• [Provided information]:
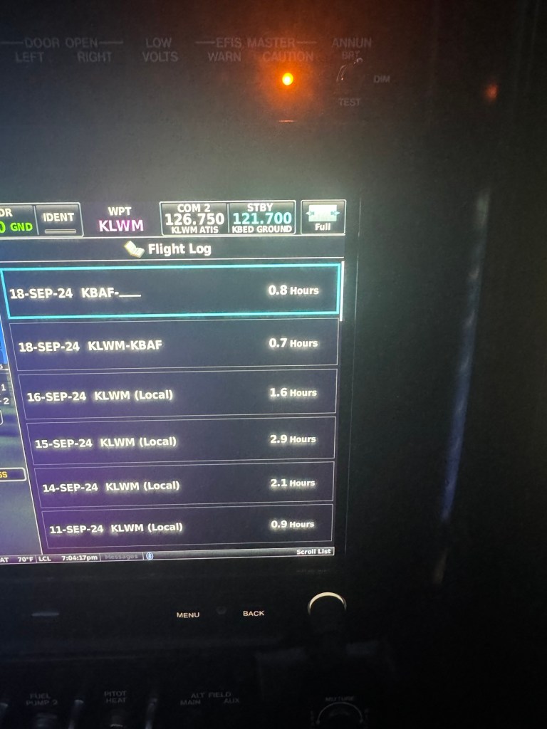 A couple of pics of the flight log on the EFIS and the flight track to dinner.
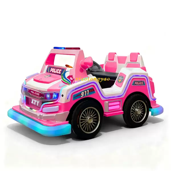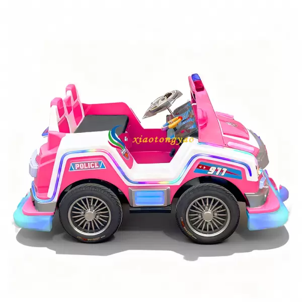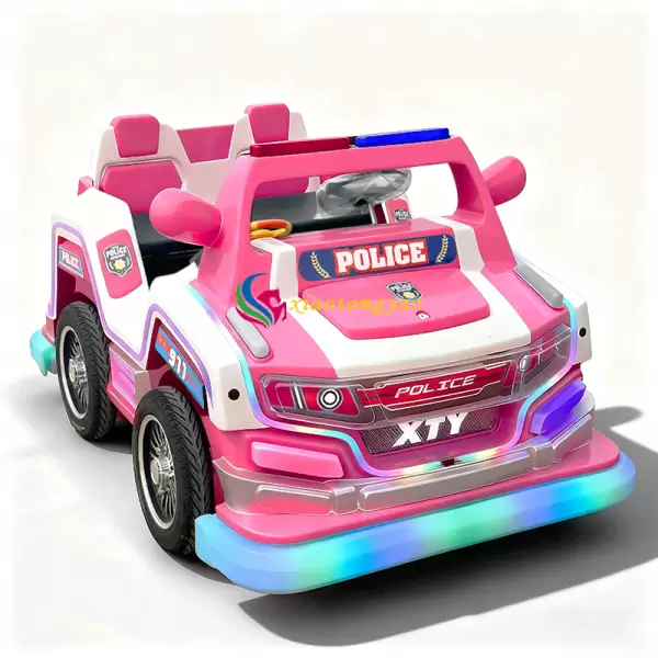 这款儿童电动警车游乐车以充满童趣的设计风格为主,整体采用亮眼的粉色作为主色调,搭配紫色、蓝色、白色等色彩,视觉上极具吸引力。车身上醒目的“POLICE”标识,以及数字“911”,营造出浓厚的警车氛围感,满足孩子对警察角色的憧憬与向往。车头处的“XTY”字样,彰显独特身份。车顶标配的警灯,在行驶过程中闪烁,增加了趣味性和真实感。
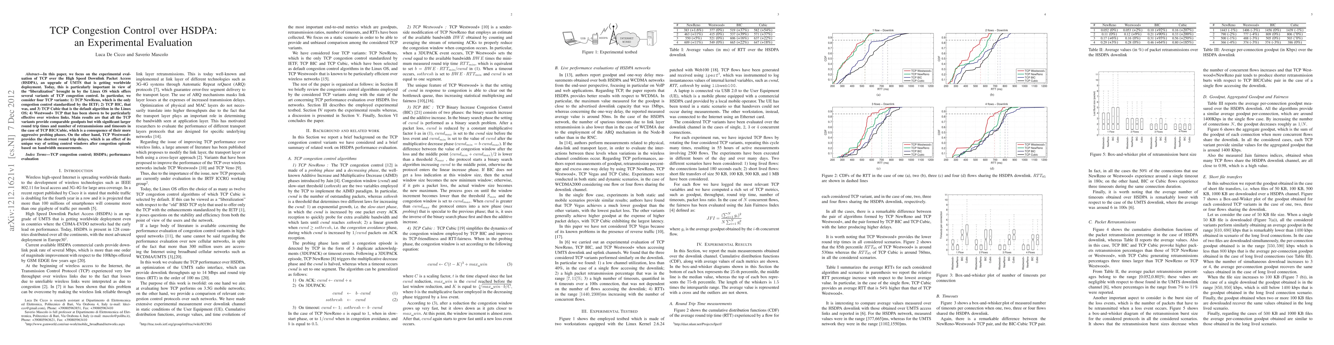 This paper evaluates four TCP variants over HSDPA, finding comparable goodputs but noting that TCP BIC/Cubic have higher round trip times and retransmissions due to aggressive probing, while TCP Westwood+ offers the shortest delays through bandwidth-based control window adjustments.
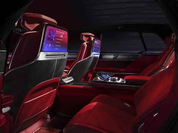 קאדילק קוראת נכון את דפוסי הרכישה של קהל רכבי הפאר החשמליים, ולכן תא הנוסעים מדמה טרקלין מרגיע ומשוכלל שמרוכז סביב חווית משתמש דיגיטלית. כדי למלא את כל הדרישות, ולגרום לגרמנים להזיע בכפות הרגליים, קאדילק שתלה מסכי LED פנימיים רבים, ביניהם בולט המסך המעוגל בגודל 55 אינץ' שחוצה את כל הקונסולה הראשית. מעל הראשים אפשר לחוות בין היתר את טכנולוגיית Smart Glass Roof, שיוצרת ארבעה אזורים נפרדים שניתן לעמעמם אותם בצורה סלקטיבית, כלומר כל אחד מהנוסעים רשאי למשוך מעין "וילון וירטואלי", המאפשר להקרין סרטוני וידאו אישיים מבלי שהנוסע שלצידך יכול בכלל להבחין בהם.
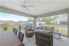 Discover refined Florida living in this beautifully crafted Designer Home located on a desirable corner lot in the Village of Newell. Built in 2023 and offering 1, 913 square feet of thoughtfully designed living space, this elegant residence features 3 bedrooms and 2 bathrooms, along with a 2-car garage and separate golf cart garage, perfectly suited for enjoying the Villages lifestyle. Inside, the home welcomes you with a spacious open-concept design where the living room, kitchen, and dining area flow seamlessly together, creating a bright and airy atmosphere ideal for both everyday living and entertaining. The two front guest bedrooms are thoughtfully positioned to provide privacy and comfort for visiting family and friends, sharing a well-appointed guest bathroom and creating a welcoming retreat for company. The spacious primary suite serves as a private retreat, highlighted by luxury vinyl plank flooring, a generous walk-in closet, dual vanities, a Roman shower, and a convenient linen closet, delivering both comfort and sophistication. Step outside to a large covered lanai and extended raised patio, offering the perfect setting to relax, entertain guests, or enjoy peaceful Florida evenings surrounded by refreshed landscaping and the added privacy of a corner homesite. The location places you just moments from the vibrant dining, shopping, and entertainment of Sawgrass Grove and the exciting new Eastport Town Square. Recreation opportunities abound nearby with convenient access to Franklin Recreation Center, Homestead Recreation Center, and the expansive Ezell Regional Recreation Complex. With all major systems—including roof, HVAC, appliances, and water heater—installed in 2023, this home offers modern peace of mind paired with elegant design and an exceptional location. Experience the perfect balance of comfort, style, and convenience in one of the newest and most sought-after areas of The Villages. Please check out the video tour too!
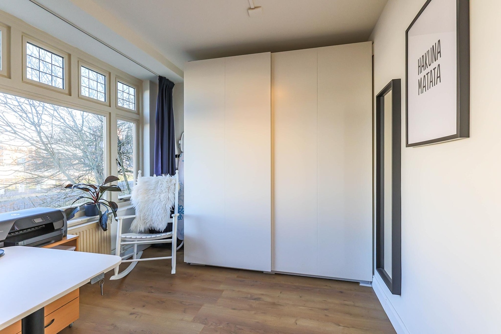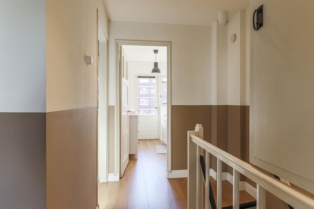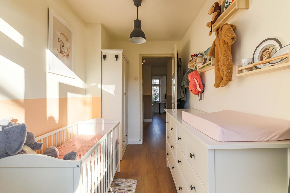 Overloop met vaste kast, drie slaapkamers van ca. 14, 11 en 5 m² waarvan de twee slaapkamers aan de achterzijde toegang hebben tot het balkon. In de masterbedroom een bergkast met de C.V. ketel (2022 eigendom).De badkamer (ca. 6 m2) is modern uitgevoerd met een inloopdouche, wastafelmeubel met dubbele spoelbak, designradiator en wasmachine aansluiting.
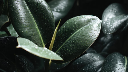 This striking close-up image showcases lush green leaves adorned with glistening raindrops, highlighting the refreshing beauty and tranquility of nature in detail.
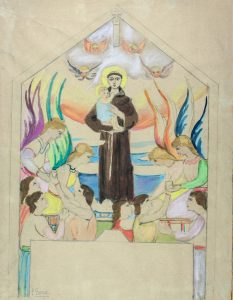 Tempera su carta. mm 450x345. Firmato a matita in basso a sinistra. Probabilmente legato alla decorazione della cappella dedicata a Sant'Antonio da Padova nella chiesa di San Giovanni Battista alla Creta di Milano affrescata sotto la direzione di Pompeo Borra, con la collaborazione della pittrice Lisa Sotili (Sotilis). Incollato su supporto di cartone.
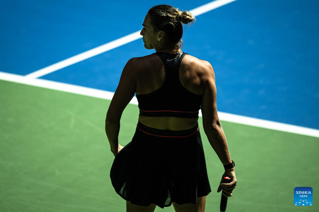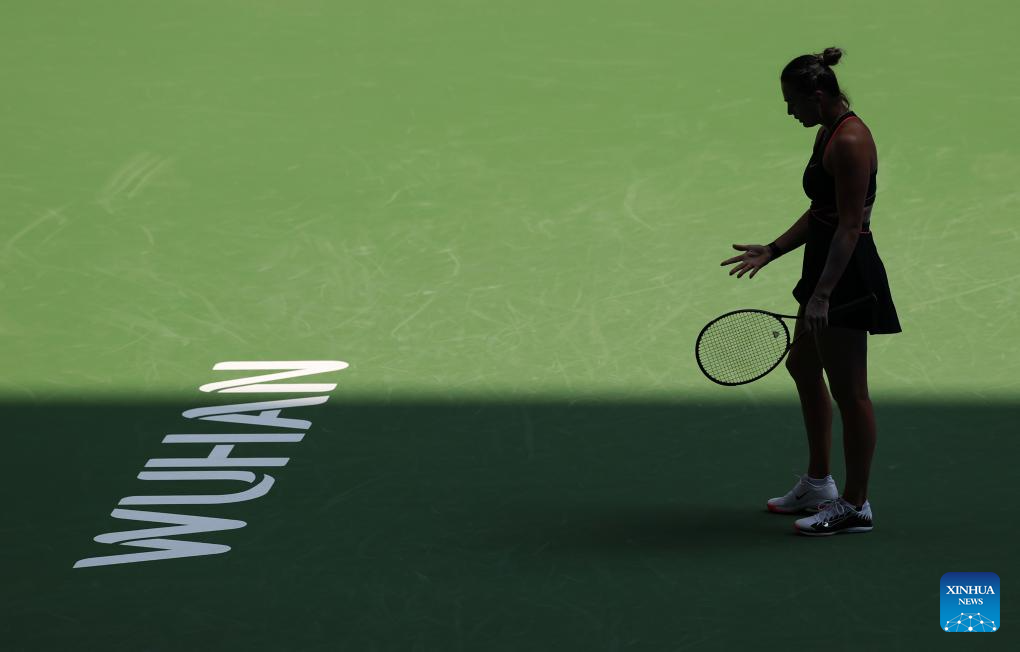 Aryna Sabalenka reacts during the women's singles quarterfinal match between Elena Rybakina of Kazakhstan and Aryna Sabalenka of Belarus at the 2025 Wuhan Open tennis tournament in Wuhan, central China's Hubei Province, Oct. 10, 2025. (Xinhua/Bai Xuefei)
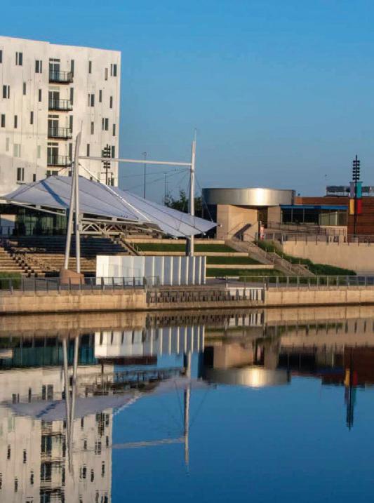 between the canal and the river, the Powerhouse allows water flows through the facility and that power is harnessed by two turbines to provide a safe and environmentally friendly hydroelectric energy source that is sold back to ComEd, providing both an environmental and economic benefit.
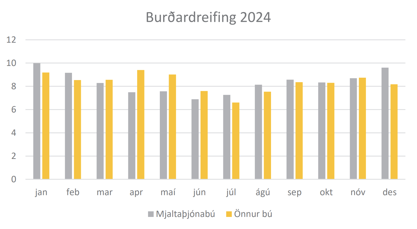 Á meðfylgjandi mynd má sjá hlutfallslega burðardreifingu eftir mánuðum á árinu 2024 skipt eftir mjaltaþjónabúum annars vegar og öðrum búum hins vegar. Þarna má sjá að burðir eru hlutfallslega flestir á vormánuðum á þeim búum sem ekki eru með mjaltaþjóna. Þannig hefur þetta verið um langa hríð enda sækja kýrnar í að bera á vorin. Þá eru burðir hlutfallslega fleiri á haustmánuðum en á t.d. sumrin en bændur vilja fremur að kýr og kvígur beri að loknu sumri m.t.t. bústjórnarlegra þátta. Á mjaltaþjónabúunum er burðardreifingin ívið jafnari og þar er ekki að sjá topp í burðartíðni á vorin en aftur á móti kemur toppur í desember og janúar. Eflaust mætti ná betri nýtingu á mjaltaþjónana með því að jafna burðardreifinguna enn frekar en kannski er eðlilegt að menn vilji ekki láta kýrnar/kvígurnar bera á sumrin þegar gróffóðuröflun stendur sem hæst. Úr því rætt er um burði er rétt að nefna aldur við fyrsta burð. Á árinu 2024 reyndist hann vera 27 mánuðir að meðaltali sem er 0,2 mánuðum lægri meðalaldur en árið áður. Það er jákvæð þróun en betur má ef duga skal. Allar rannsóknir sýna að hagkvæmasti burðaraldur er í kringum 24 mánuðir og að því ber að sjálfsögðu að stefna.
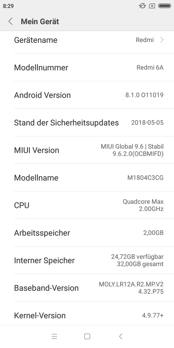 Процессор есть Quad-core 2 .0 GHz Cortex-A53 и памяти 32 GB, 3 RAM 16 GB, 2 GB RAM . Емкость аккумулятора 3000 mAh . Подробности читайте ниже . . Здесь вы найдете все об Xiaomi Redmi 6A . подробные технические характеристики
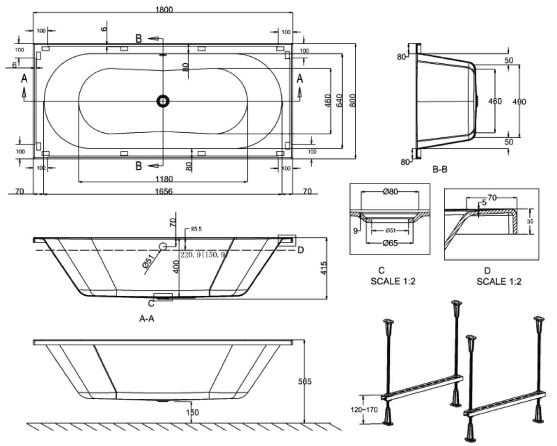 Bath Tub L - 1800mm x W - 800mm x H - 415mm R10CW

• [Work required]:
Given the records above, return the lines starting at the one that holds "This striking close-up" and ending at the one that holds "between the canal", exactly, and nothing besides; leave every picture out.

• [Solution]:
 This striking close-up image showcases lush green leaves adorned with glistening raindrops, highlighting the refreshing beauty and tranquility of nature in detail.
 Tempera su carta. mm 450x345. Firmato a matita in basso a sinistra. Probabilmente legato alla decorazione della cappella dedicata a Sant'Antonio da Padova nella chiesa di San Giovanni Battista alla Creta di Milano affrescata sotto la direzione di Pompeo Borra, con la collaborazione della pittrice Lisa Sotili (Sotilis). Incollato su supporto di cartone.
 Aryna Sabalenka reacts during the women's singles quarterfinal match between Elena Rybakina of Kazakhstan and Aryna Sabalenka of Belarus at the 2025 Wuhan Open tennis tournament in Wuhan, central China's Hubei Province, Oct. 10, 2025. (Xinhua/Bai Xuefei)
 between the canal and the river, the Powerhouse allows water flows through the facility and that power is harnessed by two turbines to provide a safe and environmentally friendly hydroelectric energy source that is sold back to ComEd, providing both an environmental and economic benefit.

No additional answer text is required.